Unified diffusion editors often rely on a fixed, shared backbone for diverse tasks, suffering from task interference and poor adaptation to heterogeneous demands (e.g., local vs global, semantic vs photometric). In particular, prevalent ControlNet and OmniControl variants combine multiple conditioning signals (e.g., text, mask, reference) via static concatenation or additive adapters which cannot dynamically prioritize or suppress conflicting modalities, thus resulting in artifacts like color bleeding across mask boundaries, identity or style drift, and unpredictable behavior under multi-condition inputs. To address this, we propose Condition-Aware Routing of Experts (CARE-Edit) that aligns model computation with specific editing competencies. At its core, a lightweight latent-attention router assigns encoded diffusion tokens to four specialized experts--Text, Mask, Reference, and Base--based on multi-modal conditions and diffusion timesteps: (i) a Mask Repaint module first refines coarse user-defined masks for precise spatial guidance; (ii) the router applies sparse top-K selection to dynamically allocate computation to the most relevant experts; (iii) a Latent Mixture module subsequently fuses expert outputs, coherently integrating semantic, spatial, and stylistic information to the base images. Experiments validate CARE-Edit's strong performance on contextual editing tasks, including erasure, replacement, text-driven edits, and style transfer. Empirical analysis further reveals task-specific behavior of specialized experts, showcasing the importance of dynamic, condition-aware processing to mitigate multi-condition conflicts.

Figures (15)

• Figure 1: Overview of contextual image editing paradigm. (A) Instruction‑based editing guides modifications via a text prompt $\mathbf{T}$ and a base image $\mathbf{B}$. (B) Subject‑based editing uses the base $\mathbf{B}$ and a references image $\mathbf{R}$ to preserve identity or style. (C) CARE‑Edit incorporates all these modalities $(\mathbf{T}, \mathbf{B}, \mathbf{R})$ and the user-defined mask $\mathbf{M}$ in a diffusion transformer (DiT) backbone with condition‑aware routing of experts.
• Figure 2: CARE-Edit introduces condition‑aware specialized experts within the frozen DiT backbone. Given multimodal conditions, inputs are tokenized and projected to heterogeneous expert branches. The router assigns confidence scores and selects the top‑$K$ experts to process each token. Expert outputs are normalized, modulated, and fused through the Latent Mixture module, yielding denoised representations $\mathbf{h}'$ refined by Mask Repaint. Only lightweight adapters, the router, and fusion layers are trainable. This enables CARE-Edit to dynamically allocate computation, mitigates conflicts between heterogeneous conditions (e.g., text vs mask) and enables high-fidelity, coherent edits.
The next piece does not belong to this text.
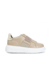 leather sneakers with rhinestone band beige
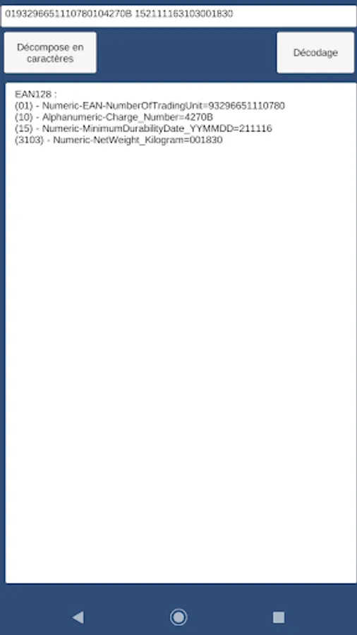 Depending on the bar code returns the article reference, weight, price, lot, ....

• Figure 3: Qualitative comparison of subject-driven contextual editing. Green annotations indicate data belonging to the benchmark, while Blue annotations denote whether mask inputs are provided. CARE-Edit ensures the preservation of subject identity and coherent contexts.
• Figure 4: Qualitative comparison of instruction-based editing.
• Figure 5: Visualization of base expert attention map over iterations.